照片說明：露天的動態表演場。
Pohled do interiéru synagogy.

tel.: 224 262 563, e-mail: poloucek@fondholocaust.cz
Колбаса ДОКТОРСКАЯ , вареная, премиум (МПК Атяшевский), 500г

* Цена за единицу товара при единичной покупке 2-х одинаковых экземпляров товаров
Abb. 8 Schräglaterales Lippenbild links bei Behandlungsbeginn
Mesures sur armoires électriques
··········
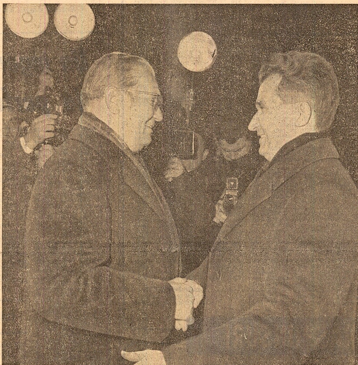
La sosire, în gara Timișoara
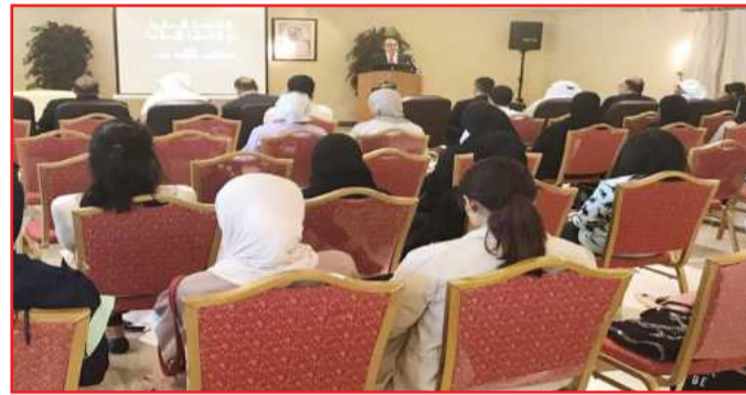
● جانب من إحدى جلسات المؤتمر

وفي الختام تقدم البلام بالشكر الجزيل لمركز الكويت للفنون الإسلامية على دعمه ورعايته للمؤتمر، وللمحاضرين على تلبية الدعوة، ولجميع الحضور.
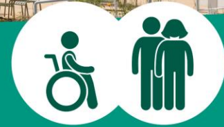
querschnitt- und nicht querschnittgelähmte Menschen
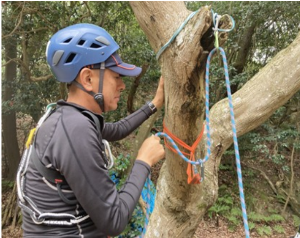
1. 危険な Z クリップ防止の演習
··········
● **EXERCISE REQUIREMENTS**
Start at the line containing "إحدى جلسات المؤتمر" above and stop at the line containing "1. 危険な Z クリップ防止の演習". Output those lines exactly, both included, but none of the pictures.

● **ANSWER**
● جانب من إحدى جلسات المؤتمر

وفي الختام تقدم البلام بالشكر الجزيل لمركز الكويت للفنون الإسلامية على دعمه ورعايته للمؤتمر، وللمحاضرين على تلبية الدعوة، ولجميع الحضور.
querschnitt- und nicht querschnittgelähmte Menschen
1. 危険な Z クリップ防止の演習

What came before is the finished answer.